··· SUPPLIED RECORDS ···
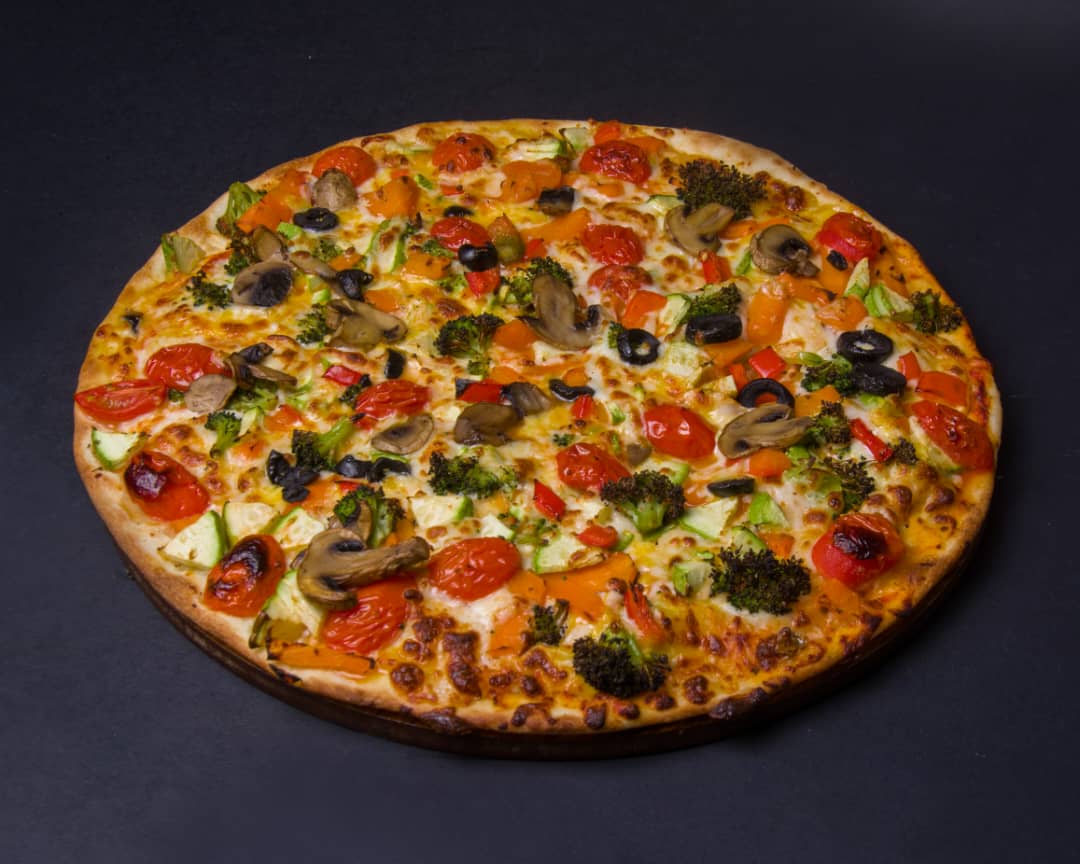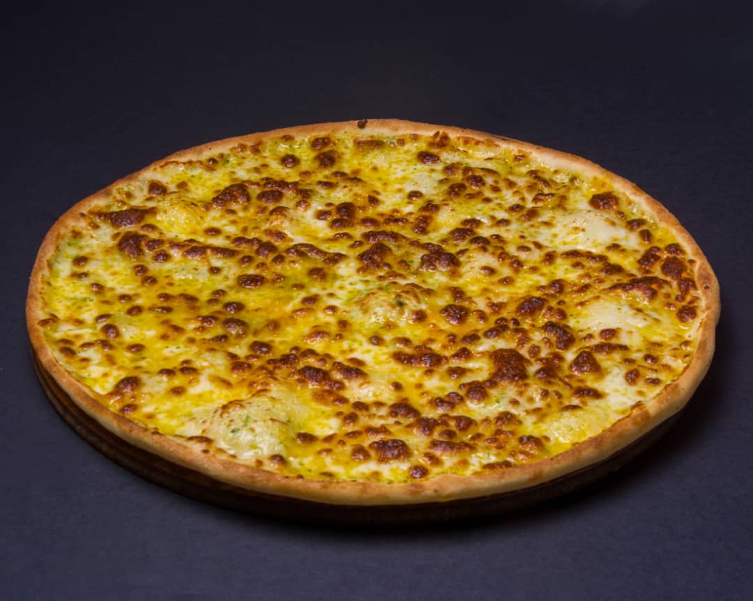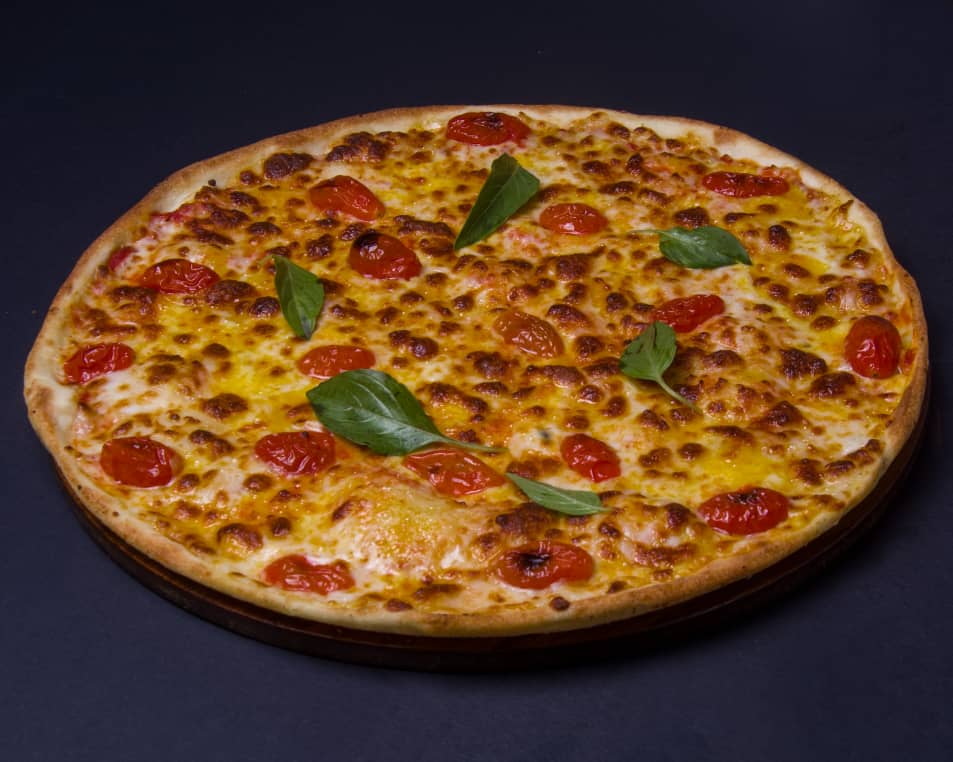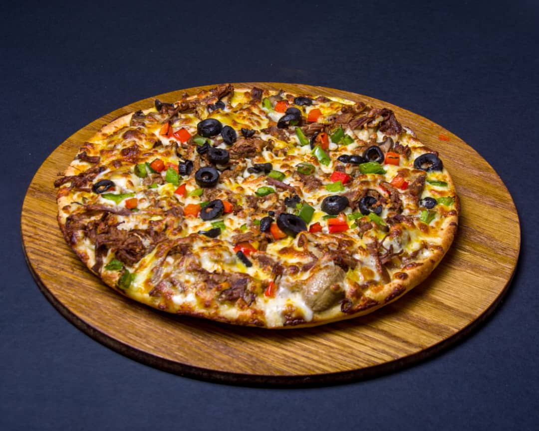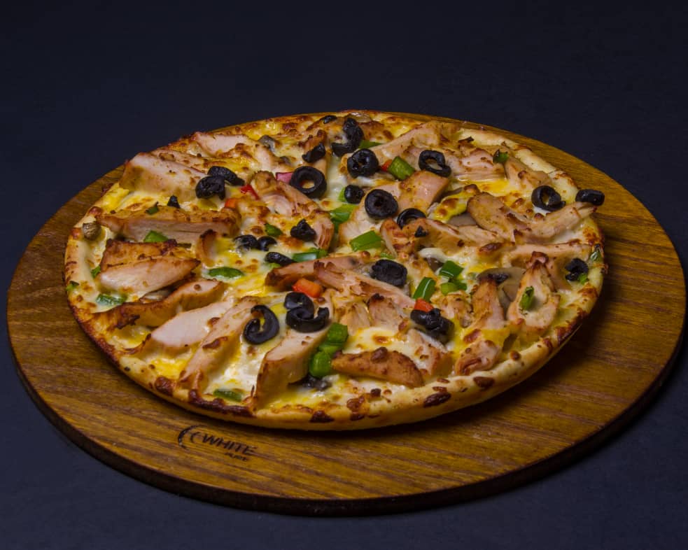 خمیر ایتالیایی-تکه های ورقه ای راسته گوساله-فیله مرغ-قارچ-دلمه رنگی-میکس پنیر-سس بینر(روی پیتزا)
···
··· SUPPLIED RECORDS ···
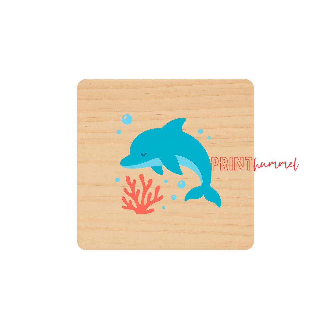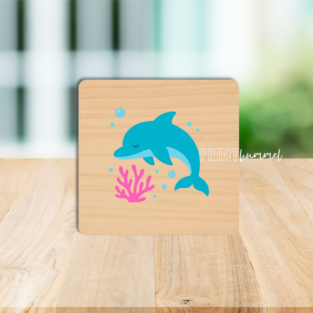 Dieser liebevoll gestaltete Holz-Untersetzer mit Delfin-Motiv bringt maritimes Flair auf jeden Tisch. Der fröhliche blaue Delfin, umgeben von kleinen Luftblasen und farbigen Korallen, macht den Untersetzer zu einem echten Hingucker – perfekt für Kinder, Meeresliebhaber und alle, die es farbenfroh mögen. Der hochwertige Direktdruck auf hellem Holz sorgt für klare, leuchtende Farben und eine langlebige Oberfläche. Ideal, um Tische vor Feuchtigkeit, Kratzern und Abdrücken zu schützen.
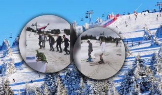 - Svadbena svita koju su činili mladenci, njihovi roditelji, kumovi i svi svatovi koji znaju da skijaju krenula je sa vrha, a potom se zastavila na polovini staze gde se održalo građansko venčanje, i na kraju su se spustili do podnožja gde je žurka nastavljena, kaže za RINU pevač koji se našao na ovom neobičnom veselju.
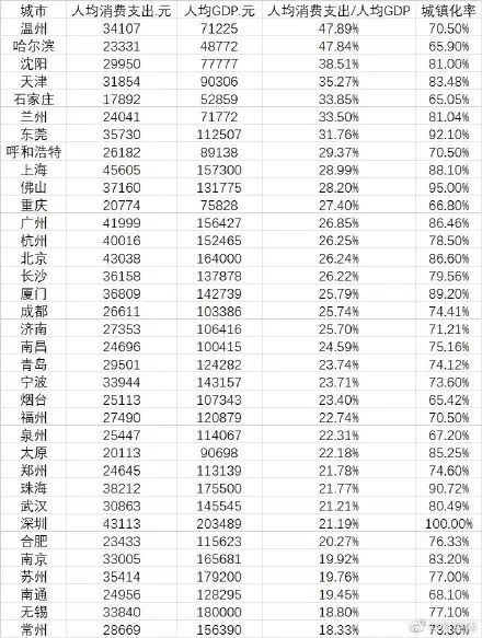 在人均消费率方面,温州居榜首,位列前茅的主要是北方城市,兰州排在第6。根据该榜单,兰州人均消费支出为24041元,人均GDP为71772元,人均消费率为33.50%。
···
● TASK INSTRUCTIONS
Using the data above, output the line that has "- Svadbena svita", the line that has "在人均消费率方面,温州居榜首", and whatever lines fall between, each exactly as it stands and without pictures.

● EXERCISE ANSWER
 - Svadbena svita koju su činili mladenci, njihovi roditelji, kumovi i svi svatovi koji znaju da skijaju krenula je sa vrha, a potom se zastavila na polovini staze gde se održalo građansko venčanje, i na kraju su se spustili do podnožja gde je žurka nastavljena, kaže za RINU pevač koji se našao na ovom neobičnom veselju.
 在人均消费率方面,温州居榜首,位列前茅的主要是北方城市,兰州排在第6。根据该榜单,兰州人均消费支出为24041元,人均GDP为71772元,人均消费率为33.50%。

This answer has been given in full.